# custom aquaria



## albinoroyal (Feb 12, 2008)

does anyone have the phone number for custom aquaria they used to make glass tanks to order and sell them at reptile and invert shows want some aboreal spider tanks made


----------



## garlicpickle (Jan 16, 2009)

Got this off Google - I've never phoned them myself

01933 356894


----------



## Simon M (Oct 9, 2008)

Custom Aquaria are great, they make all my tanks. Fortunately they are only half an hour away from where I work, so I often visit them. Check out my T blondi sp. breeding tank they did for me on this thread:

http://www.reptileforums.co.uk/spiders-inverts/269342-t-blondi-sp-burgundy-set.html


----------



## Mutley.100 (Nov 3, 2008)

From what I've heard they only sell them to petshops or in large numbers .


----------



## Simon M (Oct 9, 2008)

No, not at all. They will make them for anybody, in any size or quantity.

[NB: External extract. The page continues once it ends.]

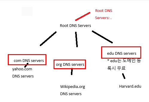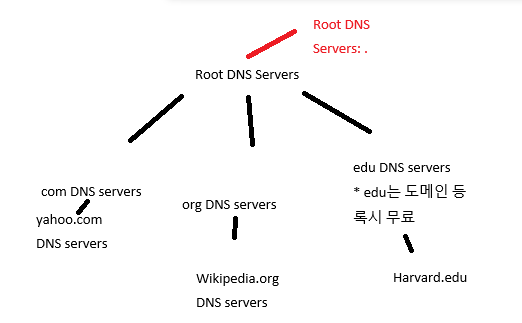 | 1) 도메인은 오른쪽에서 왼쪽으로 갈수록 하위 계층으로 내려가는 트리(Tree) 구조이다. 2) .(Root): 모든 도메인의 뿌리이며 가장 오른쪽에 생략되어 있음 (예. www.naver.com.) ex) www.naver.com www/naver/com 을 각각 관리하는 컴퓨터가 따로 있음 - www(Host Name, 접속하고자 하는 컴퓨터이름: 해당 조직 내에서 실제로 서비스를 제공하는 특정 컴퓨터(서버)의 이름) - naver: 조직의 이름 - com: 조직의 분류, 국가를 나타내는 최상위 도메인 * http://www.naver.com ex) com에 가면 naver의 IP를 알 수 있고, naver에 가면 www의 IP를 알 수 있다 => 이걸 알면 nameserver(=dndserver)를 알 수 있다 |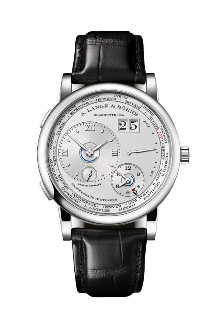 950铂金材质/L141.1手动上炼机芯/偏心时、偏心分、小秒、大日期显示/两地时间显示/动力储存显示/日夜显示/夏令时间显示/蓝宝石水晶镜面、透明底盖/表径41.9mm

They just _dont_ post!!!! So you have to pick them up personally. Busy guys, too. Mathew is a real nice chap and I can't recommend them enough! Knows his stuff on inverts, too!

Incidently, I live in Kent but am based in Cambridgeshire. So if anybody down in Kent fancies any tanks from them, I can pick them up as I travel back home from my unit each weekend


----------



## spider_mad (Mar 8, 2007)

off top my head cant at the moment but they are always at the bts expo and are good reasonable offers


----------